## Task input
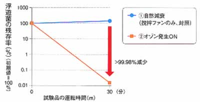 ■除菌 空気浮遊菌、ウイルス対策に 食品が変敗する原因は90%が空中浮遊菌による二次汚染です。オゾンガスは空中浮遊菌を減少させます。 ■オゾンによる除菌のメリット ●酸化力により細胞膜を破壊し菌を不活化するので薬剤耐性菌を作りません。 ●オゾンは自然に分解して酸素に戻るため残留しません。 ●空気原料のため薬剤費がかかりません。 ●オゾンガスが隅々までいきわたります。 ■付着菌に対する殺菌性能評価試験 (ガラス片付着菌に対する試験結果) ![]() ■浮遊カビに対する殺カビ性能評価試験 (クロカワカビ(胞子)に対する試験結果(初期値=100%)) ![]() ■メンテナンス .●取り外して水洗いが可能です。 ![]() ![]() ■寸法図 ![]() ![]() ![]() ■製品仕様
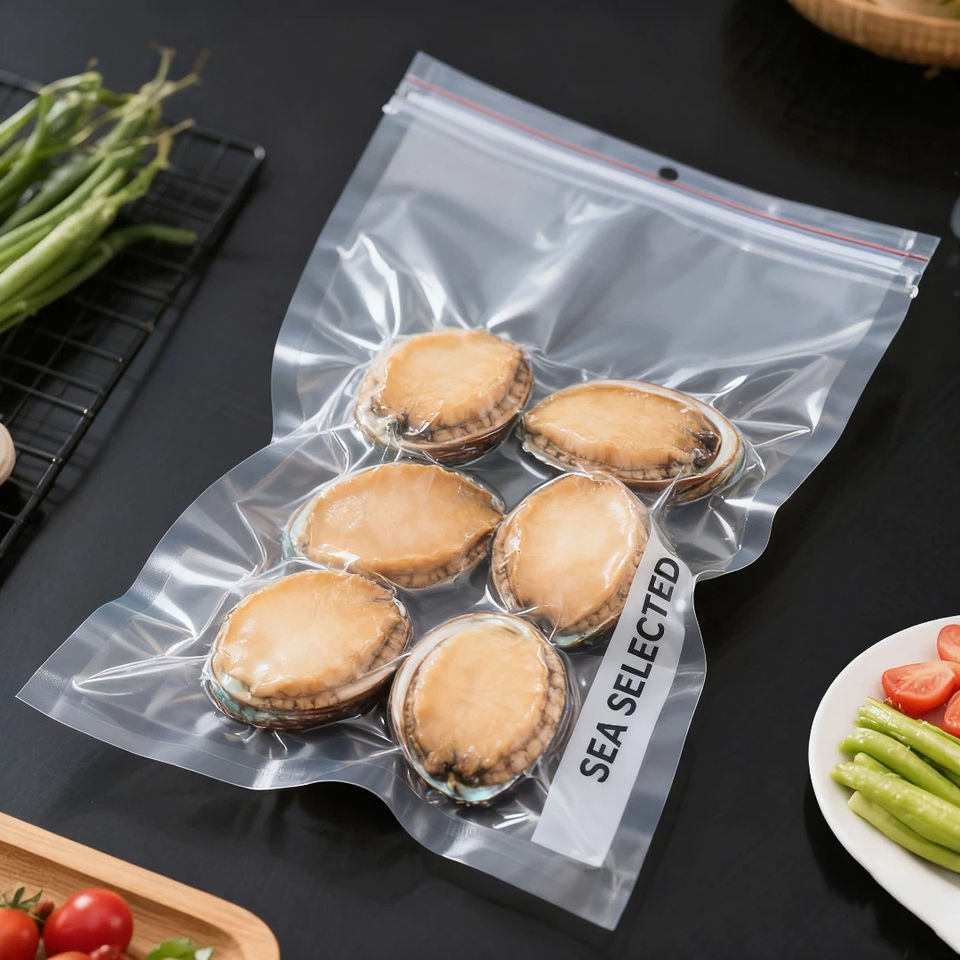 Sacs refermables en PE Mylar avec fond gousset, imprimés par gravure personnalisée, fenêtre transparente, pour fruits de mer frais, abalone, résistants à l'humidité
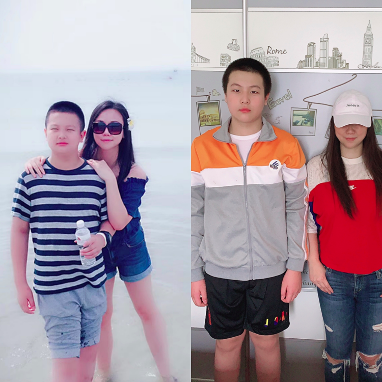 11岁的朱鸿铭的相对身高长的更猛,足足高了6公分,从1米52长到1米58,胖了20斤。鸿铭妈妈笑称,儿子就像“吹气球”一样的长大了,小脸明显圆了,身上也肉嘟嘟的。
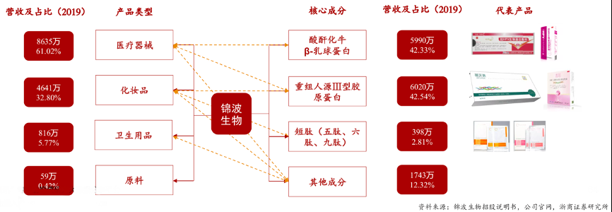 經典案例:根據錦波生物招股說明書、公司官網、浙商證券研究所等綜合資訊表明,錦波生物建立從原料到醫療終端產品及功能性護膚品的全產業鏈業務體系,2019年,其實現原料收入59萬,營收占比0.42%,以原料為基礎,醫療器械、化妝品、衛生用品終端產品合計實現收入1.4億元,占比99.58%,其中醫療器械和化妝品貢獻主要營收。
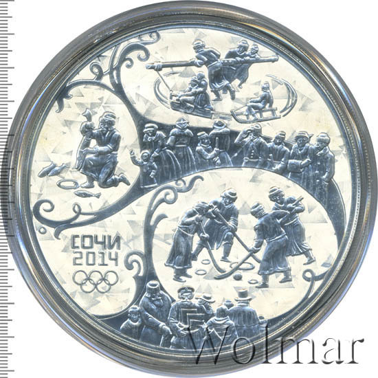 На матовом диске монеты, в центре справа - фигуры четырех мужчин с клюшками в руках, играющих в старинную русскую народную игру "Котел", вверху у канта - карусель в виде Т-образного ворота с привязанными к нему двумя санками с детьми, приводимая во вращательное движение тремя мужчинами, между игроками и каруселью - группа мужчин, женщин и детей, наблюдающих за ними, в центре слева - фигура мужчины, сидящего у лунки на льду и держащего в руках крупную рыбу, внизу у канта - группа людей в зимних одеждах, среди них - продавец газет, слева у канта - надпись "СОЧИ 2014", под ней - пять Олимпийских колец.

## Activity
Everything from the first line of the records through the line containing "11岁的朱鸿铭的相对身高长的" should be repeated exactly, with the pictures left out.

## Exercise answer
 ■除菌 空気浮遊菌、ウイルス対策に 食品が変敗する原因は90%が空中浮遊菌による二次汚染です。オゾンガスは空中浮遊菌を減少させます。 ■オゾンによる除菌のメリット ●酸化力により細胞膜を破壊し菌を不活化するので薬剤耐性菌を作りません。 ●オゾンは自然に分解して酸素に戻るため残留しません。 ●空気原料のため薬剤費がかかりません。 ●オゾンガスが隅々までいきわたります。 ■付着菌に対する殺菌性能評価試験 (ガラス片付着菌に対する試験結果) ![]() ■浮遊カビに対する殺カビ性能評価試験 (クロカワカビ(胞子)に対する試験結果(初期値=100%)) ![]() ■メンテナンス .●取り外して水洗いが可能です。 ![]() ![]() ■寸法図 ![]() ![]() ![]() ■製品仕様
 Sacs refermables en PE Mylar avec fond gousset, imprimés par gravure personnalisée, fenêtre transparente, pour fruits de mer frais, abalone, résistants à l'humidité
 11岁的朱鸿铭的相对身高长的更猛,足足高了6公分,从1米52长到1米58,胖了20斤。鸿铭妈妈笑称,儿子就像“吹气球”一样的长大了,小脸明显圆了,身上也肉嘟嘟的。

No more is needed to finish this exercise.